U.S. regulators have targeted former Voyager Digital CEO Steve Ehrlich with lawsuits claiming he engaged in fraud and deliberately misrepresented his customers’ government protections.
The Commodity Futures Trading Commission (CFTC) and Federal Trade Commission (FTC) announced related actions against Ehrlich on Thursday.
The CFTC accused him of defrauding customers by misleading them about the strength of the company and doing business without proper registrations. The FTC said he lied about customers’ funds being protected by the Federal Deposit Insurance Corp.
“Ehrlich and Voyager lied to Voyager customers,” said Ian McGinley, the CFTC’s enforcement director, in a statement about the suit, which calls for restitution, penalties and industry bans for the former executive. “While representing they would treat customers’ digital asset commodities safely and responsibly, behind the scenes, they took shockingly reckless risks with their customers’ assets, leading to Voyager’s bankruptcy and huge customer losses.”

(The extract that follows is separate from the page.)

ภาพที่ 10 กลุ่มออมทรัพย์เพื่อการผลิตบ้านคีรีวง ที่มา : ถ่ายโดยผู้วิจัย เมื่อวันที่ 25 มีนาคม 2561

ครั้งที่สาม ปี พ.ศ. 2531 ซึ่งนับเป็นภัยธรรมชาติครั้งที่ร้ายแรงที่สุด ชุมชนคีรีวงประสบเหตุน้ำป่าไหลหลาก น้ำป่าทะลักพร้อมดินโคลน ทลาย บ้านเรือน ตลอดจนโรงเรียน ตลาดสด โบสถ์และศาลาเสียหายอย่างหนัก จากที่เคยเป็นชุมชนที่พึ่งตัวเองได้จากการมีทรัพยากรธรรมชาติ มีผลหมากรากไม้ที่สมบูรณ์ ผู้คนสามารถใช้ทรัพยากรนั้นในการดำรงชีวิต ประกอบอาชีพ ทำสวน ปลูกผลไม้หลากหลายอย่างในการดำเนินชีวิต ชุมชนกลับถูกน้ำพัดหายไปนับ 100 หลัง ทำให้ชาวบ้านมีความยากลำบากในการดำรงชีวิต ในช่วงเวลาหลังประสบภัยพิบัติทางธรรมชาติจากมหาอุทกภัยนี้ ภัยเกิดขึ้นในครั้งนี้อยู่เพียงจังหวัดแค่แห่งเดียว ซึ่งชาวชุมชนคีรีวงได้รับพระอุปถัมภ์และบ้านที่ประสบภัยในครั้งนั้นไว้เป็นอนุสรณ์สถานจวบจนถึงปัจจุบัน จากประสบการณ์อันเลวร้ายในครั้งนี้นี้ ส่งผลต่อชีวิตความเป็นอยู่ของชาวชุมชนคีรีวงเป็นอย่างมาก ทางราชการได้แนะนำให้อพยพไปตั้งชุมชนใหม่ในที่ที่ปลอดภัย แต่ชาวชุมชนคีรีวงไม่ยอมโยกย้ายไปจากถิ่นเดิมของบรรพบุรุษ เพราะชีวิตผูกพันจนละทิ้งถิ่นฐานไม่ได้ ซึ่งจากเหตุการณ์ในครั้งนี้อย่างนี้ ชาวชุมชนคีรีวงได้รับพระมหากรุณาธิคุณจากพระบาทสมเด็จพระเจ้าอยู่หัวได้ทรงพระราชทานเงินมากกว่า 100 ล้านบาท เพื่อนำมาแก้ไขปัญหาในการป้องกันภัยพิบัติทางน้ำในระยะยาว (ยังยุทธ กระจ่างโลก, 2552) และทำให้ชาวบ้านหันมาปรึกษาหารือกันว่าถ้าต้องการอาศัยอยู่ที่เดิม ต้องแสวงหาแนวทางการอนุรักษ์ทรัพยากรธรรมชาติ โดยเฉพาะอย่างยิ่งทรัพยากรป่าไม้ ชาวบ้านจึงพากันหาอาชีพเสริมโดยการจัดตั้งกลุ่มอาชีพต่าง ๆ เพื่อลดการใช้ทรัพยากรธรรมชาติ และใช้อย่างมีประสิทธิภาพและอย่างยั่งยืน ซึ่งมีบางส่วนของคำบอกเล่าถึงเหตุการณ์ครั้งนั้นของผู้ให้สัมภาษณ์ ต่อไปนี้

However, one of the agency’s commissioners, Caroline Pham, argued the CFTC’s position that the company should have registered as a commodity pool operator is a bad interpretation of the law.
The enforcement action’s definition of commodity pools “would seem to include commonplace lending activity—like taking deposits and providing loans,” she said in a statement on Thursday. “Such an interpretation is an overreach beyond our statutory authority and would disrupt well-established legal and regulatory frameworks for lending to institutions and consumer finance.”
The FTC also settled with the company in an agreement that permanently bans Voyager from handling customers’ assets, hitting it with a $1.65 billion judgment that is suspended to allow the firm to continue its liquidation to pay back its customers.
“This action reminds companies and individuals: Don’t play fast and loose with claims about FDIC insurance,” said Samuel Levine, director of the FTC’s Bureau of Consumer Protection, in a statement.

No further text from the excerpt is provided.